At Florence we sent our military transportation back and staid over a day at a tavern to rest. We met there a very agreeable and cultivated gentleman, Mr. Charles Poston, who was en route to his home, somewhere in the mountains near by. We took the Tucson stage at sundown, and travelled all night. I heard afterwards more about Mr. Poston: he had attained some reputation in the literary world by writing about the Sun-worshippers of Asia. He had been a great traveller in his early life, but now had built himself some sort of a house in one of the desolate mountains which rose out of these vast plains of Arizona, hoisted his sun-flag on the top, there to pass the rest of his days. People out there said he was a sun-worshipper. I do not know. ‘‘“But when I am tired of life and people,”’’ I thought, ‘‘“this will not be the place I shall choose.”’’
Arriving at Tucson(above), after a hot and tiresome night in the stage, we went to an old hostelry. Tucson looked attractive. Ancient civilization is always interesting to me.
Leaving me at the tavern, my husband drove out to Fort Lowell, to see about quarters and things in general. In a few hours he returned with the overwhelming news that he found a dispatch awaiting him at that post, ordering him to return immediately to his company at Camp MacDowell, as the Eighth Infantry
was ordered to the Department of California.
Ordered “out” at last! I felt like jumping up onto the table, climbing onto the roof, dancing and singing and shouting for joy! Tired as we were (and I thought I had reached the limit), we were not too tired to take the first stage back for Florence, which left that evening. Those two nights on the Tucson stage are a blank in my memory. I got through them somehow.
In the morning, as we approached the town of Florence, the great blue army wagon containing our household goods, hove in sight—its white canvas cover stretched over hoops, its six sturdy mules coming along at a good trot, and Sergeant Stone cracking his long whip, to keep up a proper pace in the eyes of the Tucson stage-driver.

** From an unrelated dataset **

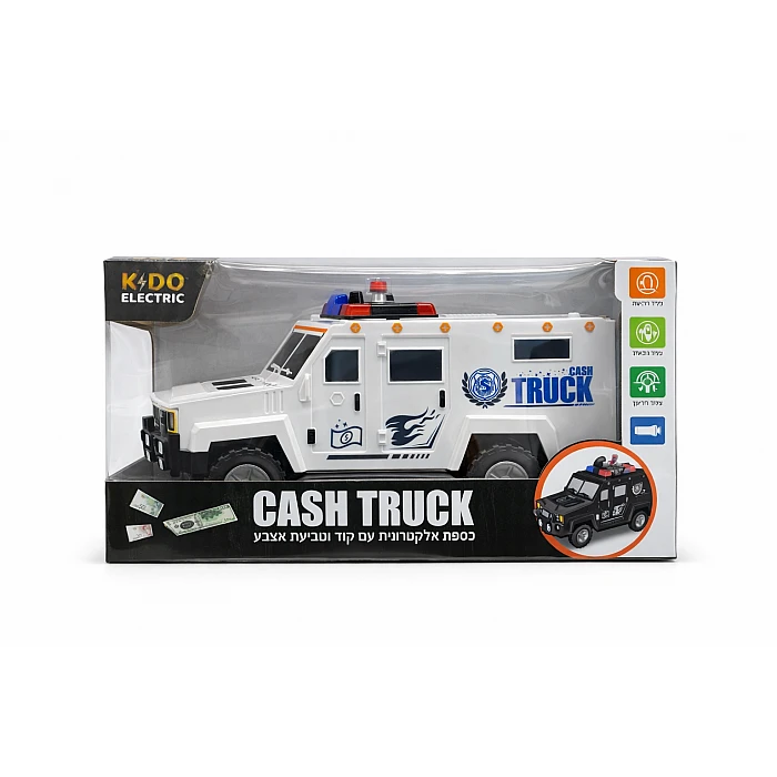 כספת חיסכון אלקטרונית לילדים בעיצוב ג׳יפ משטרה לבן, עם פתיחה באמצעות קוד אישי וטביעת אצבע.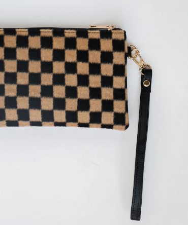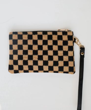 FINAL SALE – Composed Confidence Brown Checkered Wristlet

Jack called him to halt, and down went the Sergeant's big brakes. Both teams came to a stand-still, and we told the Sergeant the news. Bewilderment, surprise, joy, followed each other on the old Sergeant's countenance. He turned his heavy team about, and promised to reach Camp MacDowell as soon as the animals could make it. At Florence, we left the stage, and went to the little tavern once more; the stage-route did not lie in our direction, so we must hire a private conveyance to bring us to Camp MacDowell. Jack found a man who had a good pair of ponies and an open buckboard. Towards night we set forth to
cross the plain which lies between Florence and the Salt River, due northwest by the map.
When I saw the driver I did not care much for his appearance. He did not inspire me with confidence, but the ponies looked strong, and we had forty or fifty miles before us.
After we got fairly into the desert, which was a trackless waste, I became possessed by a feeling that the man did not know the way. He talked a good deal about the North Star, and the fork in the road, and that we must be sure not to miss it.
It was a still, hot, starlit night. Jack and the driver sat on the front seat. They had taken the back seat out, and my little boy and I sat in the bottom of the wagon, with the hard cushions to lean against through the night. I suppose we were drowsy with sleep; at all events, the talk about the fork of the road and the North Star faded away into dreams.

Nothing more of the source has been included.